1. 34

  2. 10

    I wish this explained what tac was at the start, but it seems it’s https://man7.org/linux/man-pages/man1/tac.1.html (cat of reversed lines).

    1. 7

      Sorry! There’s this at the end of the first paragraph but maybe it’s not as helpful as I hoped it would be?

      For those that aren’t familiar with it, tac is a command-line utility to reverse the contents of a file

      Happy to revise it with any better suggestions. Maybe I should add a full paragraph to explain what tac is and why you might use it - I’ve been told my posts are too long in the past :(

      1. 6

        Perhaps an older/wrong version was published, because that line isn’t on the page.

        I think that sentence would do just fine.

        1. 8

          My apologies! It turns out my nginx caching configuration isn’t correctly purging when a page is updated. It should be good now - thanks for cluing me in to what was going on.

    2. 4

      You may want to specify in which processor you measured this, because I tried this (Skylake) on a 1 GB file with and without the bmi2,lzcnt annotations and there is barely any measurable difference.

      The major performance issue here, rather than lzcnt/bsr which perform pretty much the same, and bzhi which can be emulated at similar cost, seems to be branch misprediction from the matches != 0 comparisons. Unrolling the loop twice, reading one cache line per iteration, and creating a 64-bit mask which you can treat the same way as now, would be an easy way to cut those bad branches in half.

      1. 4

        Without a doubt the biggest improvement came from consuming the input 256-bytes at a time via the AVX2 instructions and not from the BZHI/LZCNT routines. Note that the slowdown wasn’t from the BZHI emulation (it wasn’t emulated) but rather the constant function calls and associated register setup/teardown to the function that actually carried out the BHZI call. I can’t remember the exact numbers I was getting without those two decorations, but hyperfine always reported the native CPU build to be faster than the default x64 build without those decorations. That particular work was tested on a Xeon E3-1545M v5 (so also Skylake).

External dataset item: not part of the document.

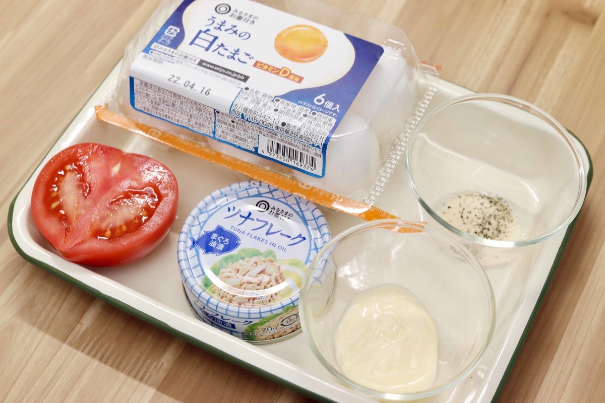 また、ツナトマたまは一瞬でできちゃう優秀おかず。今回はツナを入れていますが、なくても十分においしいです。お好みでピザチーズを加えても!

        The core loop currently processes 32 bytes at a time (the AVX2 256-bit word size), or half the likely cache line size. Your suggestion to make it handle 64 bytes per go around via two separate sets of AVX2 operations seems sound. BZHI can operate on a 64-bit input directly, so that could actually be reused directly without needing to manually shuffle the mask bits around. Thanks!

        Edit: I took your suggestion and saw around a 14% improvement for long input files with short lines as compared to the unrolled (32-byte inner loop) version. Seems like a solid win! I’ll play around with more unlooping scenarios but I think the impact will depend on line length.

      2. 4

        Nice! I really want to port this to arm64 (neon) now…

        1. 3

          I was hoping no one would bring up the lack of NEON support, lol. You should go for it, it’s a fun challenge!

        2. 3

          Can this tac handle multiple files? I ask, because I still giggle sometimes at the last cat re-implementation I saw, which had the caveat that it only concatenated one file.

          1. 1

            Yup, they’re handled in the same order they’re named. And good question!

          2. -5

            Assuming I know what tac is. Assuming I have a problem of grepping through log files that are huge(!) in reverse order. Assuming the task is time critical. Assuming that the performance is limited by the tool and not IO.

            Finally we arrived where a simd tool would be good. Too bad you lost me 3 assumptions sooner.

            1. 10

              It’s okay to simply not comment if an article isn’t relevant to you. The author made this tool for themselves, evidently satisfying all 3 of these assumptions, and was kind enough to share it. Moreover, even someone without a need for any version of tac would still find this article useful if they wanted runtime SIMD detection in Rust.

              1. 5

                This is rude and dismissive. Please do not post comments like this in future.